**WORK TO COMPLETE**
In the entries below, find the line containing "Zatkana pompa oleju" and the line containing "A unique contrasting". Copy those two lines and everything between them exactly, and only that.

*** INFORMATION PROVIDED Section Begins ***

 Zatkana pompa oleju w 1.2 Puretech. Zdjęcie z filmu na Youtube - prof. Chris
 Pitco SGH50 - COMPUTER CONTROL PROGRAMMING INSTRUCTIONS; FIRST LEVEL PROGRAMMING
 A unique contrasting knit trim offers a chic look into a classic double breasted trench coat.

*** INFORMATION PROVIDED Section Ends ***
*** INFORMATION PROVIDED Section Begins ***

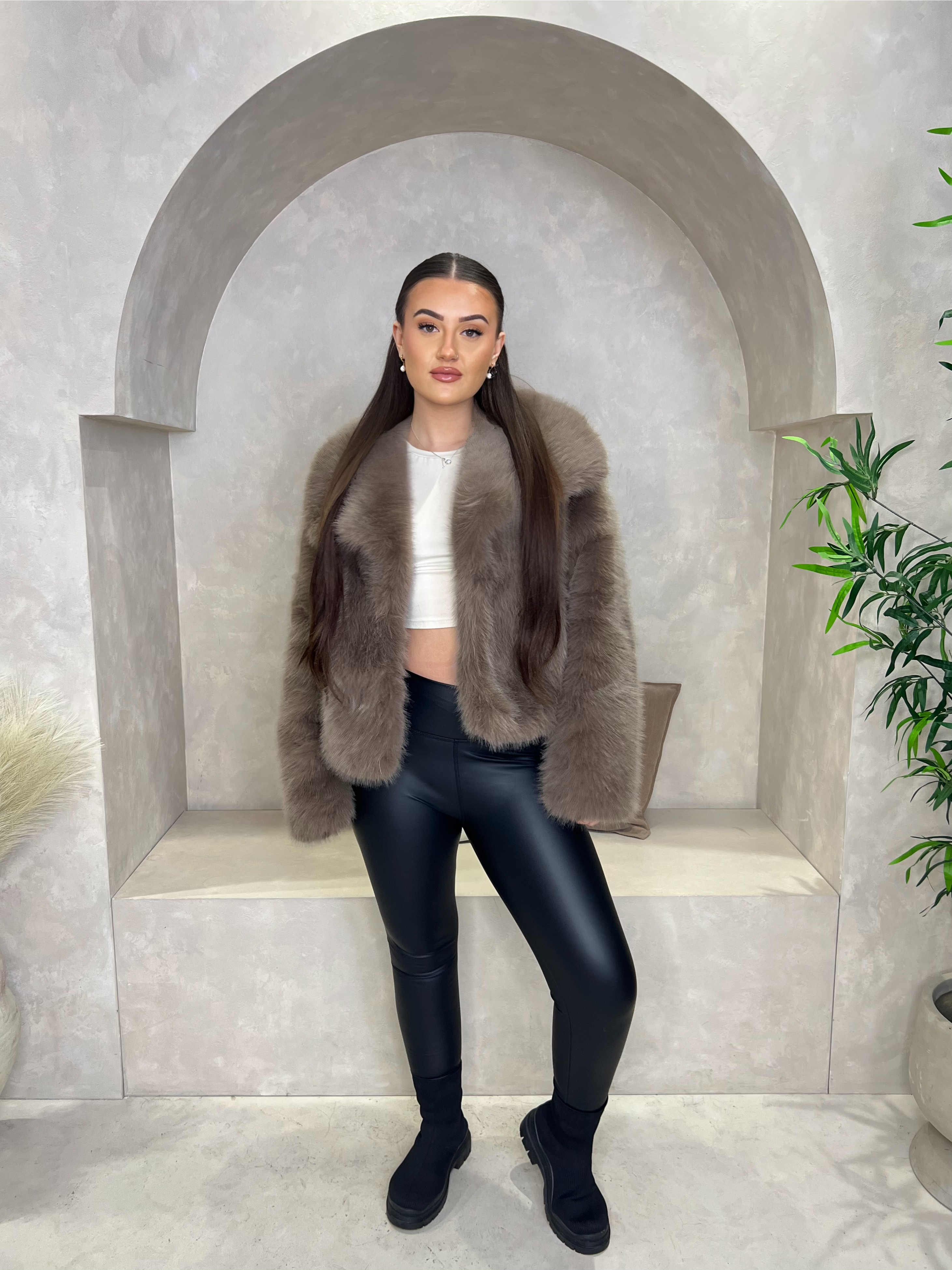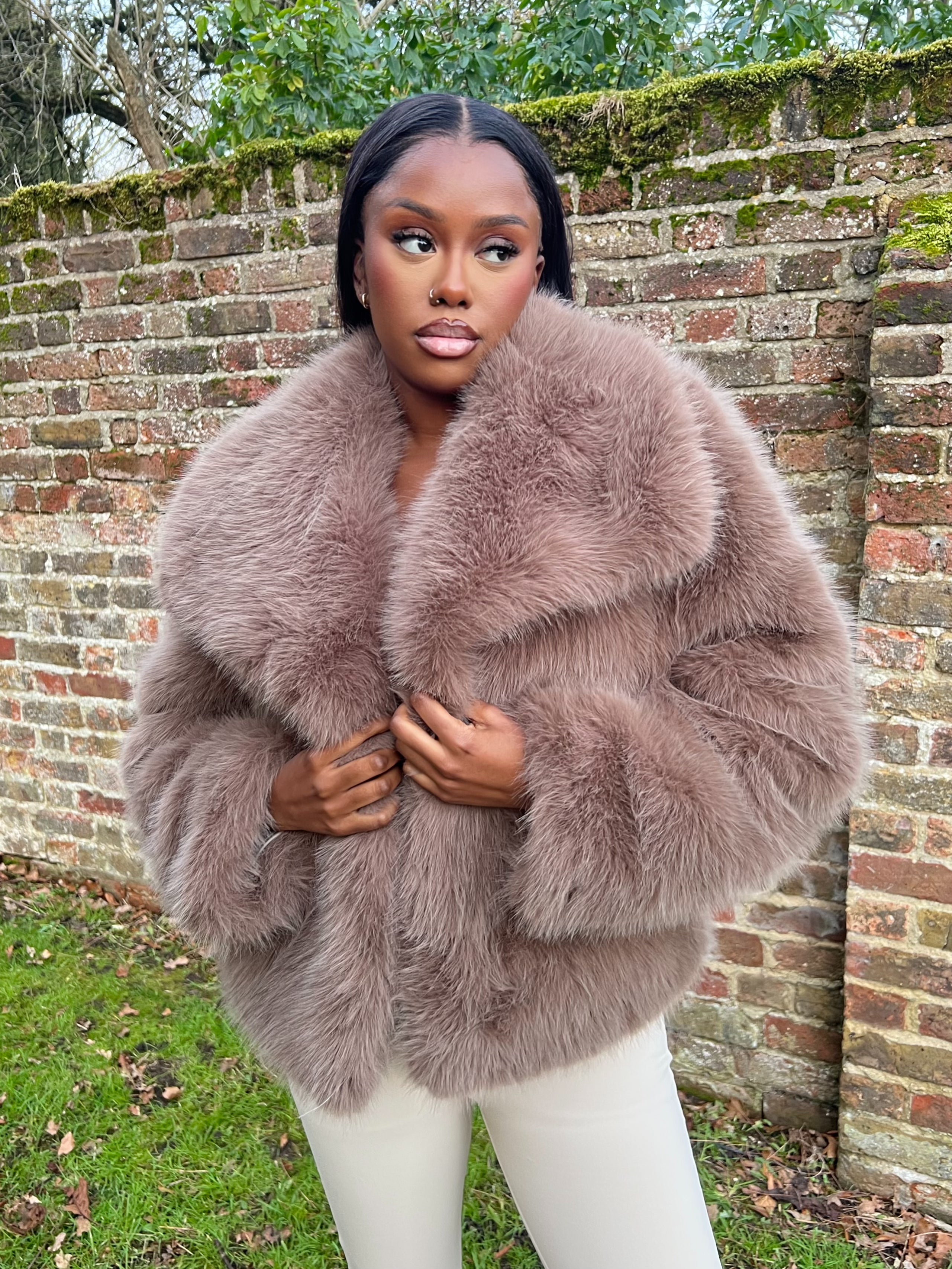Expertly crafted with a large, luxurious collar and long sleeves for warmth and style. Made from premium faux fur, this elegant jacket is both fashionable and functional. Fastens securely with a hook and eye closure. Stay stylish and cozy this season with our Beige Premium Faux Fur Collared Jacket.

*** INFORMATION PROVIDED Section Ends ***

**EXPECTED OUTPUT**
 Zatkana pompa oleju w 1.2 Puretech. Zdjęcie z filmu na Youtube - prof. Chris
 Pitco SGH50 - COMPUTER CONTROL PROGRAMMING INSTRUCTIONS; FIRST LEVEL PROGRAMMING
 A unique contrasting knit trim offers a chic look into a classic double breasted trench coat.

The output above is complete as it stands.